Data excerpts:
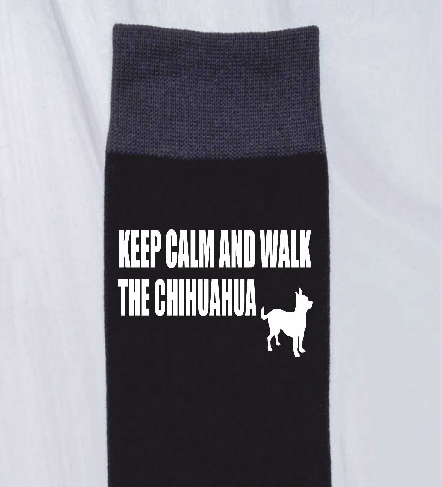 Keep Calm & Walk The Chihuahua Men's Black Novelty Socks Dog Lover Gift
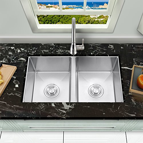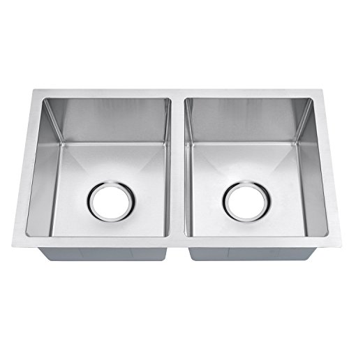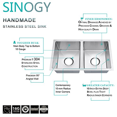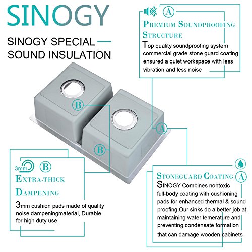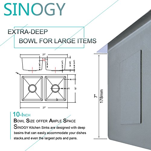 SINOGY 27"x16" Inch 50/50 Double Bowl Handmade Brushed Satin 7" Deep Kitchen Sink Undermount 18 Gauge Stainless Steel For RV Without Accessory
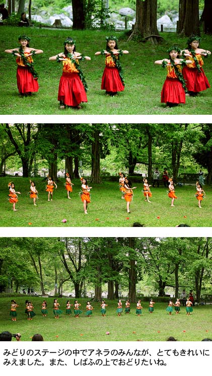 しばふの上でおどったフラダンスとタヒチアンダンスあたらしいけいけんだったね
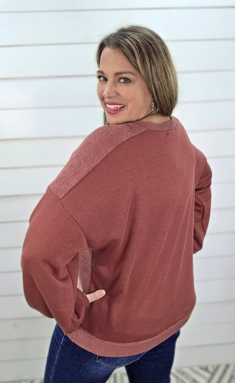 MARSALA FRENCH TERRY W/ REVERSE FRENCH TERRY KNIT PULLOVER
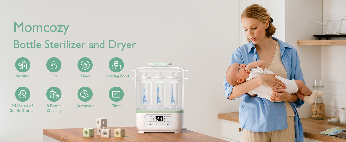 Momcozy Bottle Sterilizer and Dryer is designed to meet the needs of busy parents like you. your all-in-one solution for keeping your baby's bottles and breast pump accessories clean and safe.
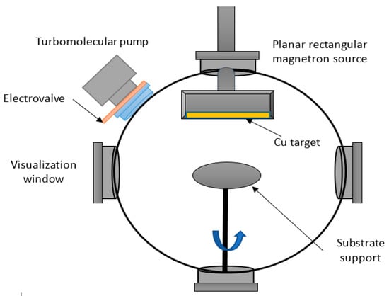 The copper coating onto the textile fabrics was performed at INFLPR into a dedicated stainless steel spherical vacuum chamber (K.J. Lesker, East Sussex, UK), pumped out by an assembly of a fore pump and turbomolecular pump (Pfeiffer, Memmingen, Germany), which allowed the obtaining of a base pressure down to 3 × 10−5 mbar. A constant argon flow (purity 6.0) of 50 sccm was continuously introduced into the chamber by means of a Bronkhorst mass flow controller, which allowed to establish the processing pressure around 5 × 10−3 mbar. The chamber is provisioned with a rectangular magnetron sputtering gun from K.J. Lesker, accommodating the high purity copper target. The discharge was ignited by means of a radio frequency generator (13.56 MHz) provisioned with an automatic matching box for adapting the impedance, and the deposition time was set to ensure coating thicknesses in the range 1200–10,000 nm on each side of the textile fabrics. Enhanced deposition uniformity was achieved by rotating the samples during the deposition process (200 rotations/min).
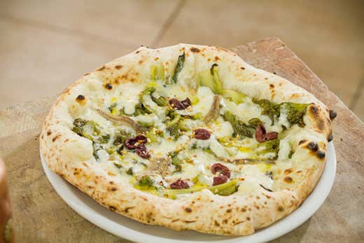 Utilizzo sapiente, né casuale né frutto di moda, di prodotti Dop e di prodotti presidiati da Slow Food. Ne sortisce interessante proposta di antipasto che è lode al territorio e ad una semplicità quasi sempre difficile a farsi: Mozzarella di Bufala Campana Dop (da area salernitana proveniente) e bruschetta con Pomodorino del Piennolo del Vesuvio Dop. Questo stesso pomodoro, in giunzione con il Pomodoro dell’Agro Sarnese-Nocerino San Marzano Dop, lo ritroviamo su una pizza che è elogio forte e vitale della tradizione: la napoletana, laddove ai suddetti due pomodori si aggiungono le alici di Cetara, le olive nere di Gaeta, l’aglio dell’Ufìta ed olio extravergine di oliva.

**WHAT YOU ARE ASKED TO DO**
Each record above should be duplicated word for word, with no pictures included.

**COMPLETED TASK**
 Keep Calm & Walk The Chihuahua Men's Black Novelty Socks Dog Lover Gift
 SINOGY 27"x16" Inch 50/50 Double Bowl Handmade Brushed Satin 7" Deep Kitchen Sink Undermount 18 Gauge Stainless Steel For RV Without Accessory
 しばふの上でおどったフラダンスとタヒチアンダンスあたらしいけいけんだったね
 MARSALA FRENCH TERRY W/ REVERSE FRENCH TERRY KNIT PULLOVER
 Momcozy Bottle Sterilizer and Dryer is designed to meet the needs of busy parents like you. your all-in-one solution for keeping your baby's bottles and breast pump accessories clean and safe.
 The copper coating onto the textile fabrics was performed at INFLPR into a dedicated stainless steel spherical vacuum chamber (K.J. Lesker, East Sussex, UK), pumped out by an assembly of a fore pump and turbomolecular pump (Pfeiffer, Memmingen, Germany), which allowed the obtaining of a base pressure down to 3 × 10−5 mbar. A constant argon flow (purity 6.0) of 50 sccm was continuously introduced into the chamber by means of a Bronkhorst mass flow controller, which allowed to establish the processing pressure around 5 × 10−3 mbar. The chamber is provisioned with a rectangular magnetron sputtering gun from K.J. Lesker, accommodating the high purity copper target. The discharge was ignited by means of a radio frequency generator (13.56 MHz) provisioned with an automatic matching box for adapting the impedance, and the deposition time was set to ensure coating thicknesses in the range 1200–10,000 nm on each side of the textile fabrics. Enhanced deposition uniformity was achieved by rotating the samples during the deposition process (200 rotations/min).
 Utilizzo sapiente, né casuale né frutto di moda, di prodotti Dop e di prodotti presidiati da Slow Food. Ne sortisce interessante proposta di antipasto che è lode al territorio e ad una semplicità quasi sempre difficile a farsi: Mozzarella di Bufala Campana Dop (da area salernitana proveniente) e bruschetta con Pomodorino del Piennolo del Vesuvio Dop. Questo stesso pomodoro, in giunzione con il Pomodoro dell’Agro Sarnese-Nocerino San Marzano Dop, lo ritroviamo su una pizza che è elogio forte e vitale della tradizione: la napoletana, laddove ai suddetti due pomodori si aggiungono le alici di Cetara, le olive nere di Gaeta, l’aglio dell’Ufìta ed olio extravergine di oliva.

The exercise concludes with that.